但是,关于这个主题有一个 interesting discussion,而且根据发音,它似乎应该折叠成 a
而不是 e
:
A quick search on English or French Wikipedia, where it currently gets folded, shows that it gets folded to an a! I would have expected an e based on orthography, but a makes sense in terms of pronunciation (in English, at least).
还有人甚至认为a
和e
都没有意义:
That seems like a really bad decision. I don't think ə should fold to either of a or e.
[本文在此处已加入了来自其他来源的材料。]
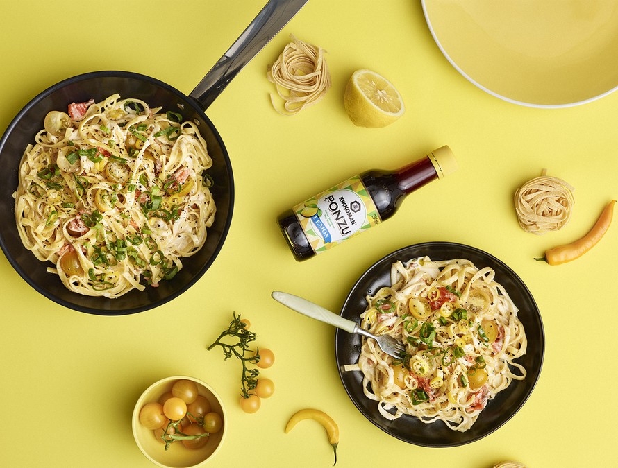 - Lisää kerma, Kikkoman Ponzu-sitrussoijakastike sekä sokeri ja sekoita.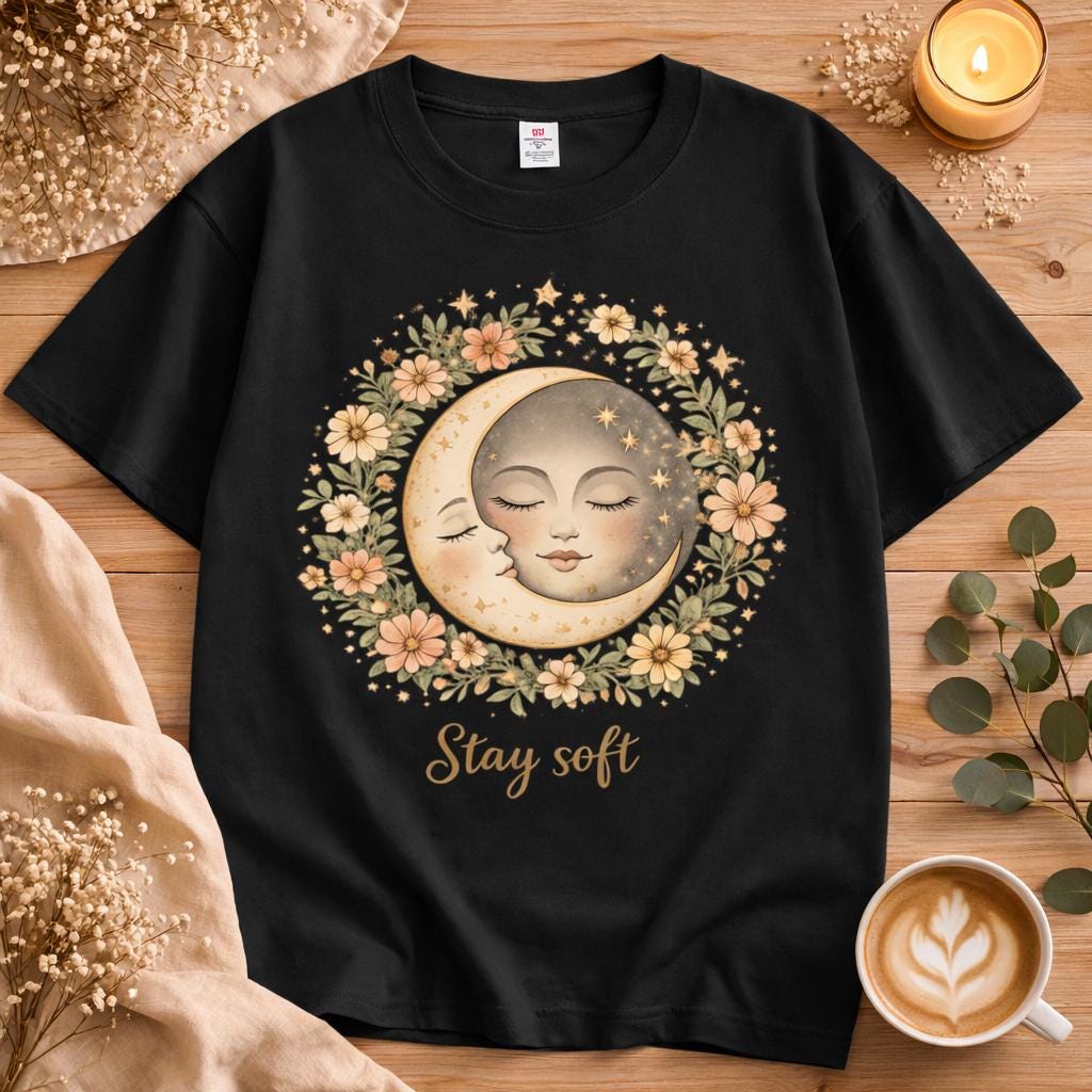 Stay Soft Shirt, Boho Moon T-Shirt, Floral Moon Graphic Tee, Celestial Outfit, Vintage Style

反正我觉得没有办法了,只能用char_filter或者extending the ASCIIFoldingFilter
,自己打包成ES分析插件。
ASCII 折叠标记过滤器将“Ə”/“ə”(U+018F / U+0259) 个字符折叠为 "A"/"a"。我需要修改或添加 fold 到 "E"/"e"。 char_filter
没有帮助,也没有保留原始内容
添加分析器:
curl -XPUT 'localshot:9200/myix/_settings?pretty' -H 'Content-Type: application/json' -d'
{
"analysis" : {
"analyzer" : {
"default" : {
"tokenizer" : "standard",
"filter" : ["standard", "my_ascii_folding"]
}
},
"filter" : {
"my_ascii_folding" : {
"type" : "asciifolding",
"preserve_original" : true
}
}
}
}
'
测试结果:
http://localhost:9200/myix/_analyze?text=üöğıəçşi_ÜÖĞIƏÇŞİ&filter=my_ascii_folding
{
"tokens": [
{
"token": "uogiacsi_UOGIACSI",
"start_offset": 0,
"end_offset": 17,
"type": "<ALPHANUM>",
"position": 0
},
{
"token": "üöğıəçşi_ÜÖĞIƏÇŞİ",
"start_offset": 0,
"end_offset": 17,
"type": "<ALPHANUM>",
"position": 0
}
]
}
当查看 Lucene 的 ASCIIFoldingFilter.java
source file, it doesn indeed seem like Ə
gets folded into an E
and not a A
. Even the ICU folding filter 时,它是 asciifolding
类固醇,做同样的折叠。
但是,关于这个主题有一个 interesting discussion,而且根据发音,它似乎应该折叠成 a
而不是 e
:
A quick search on English or French Wikipedia, where it currently gets folded, shows that it gets folded to an a! I would have expected an e based on orthography, but a makes sense in terms of pronunciation (in English, at least).
还有人甚至认为a
和e
都没有意义:
That seems like a really bad decision. I don't think ə should fold to either of a or e.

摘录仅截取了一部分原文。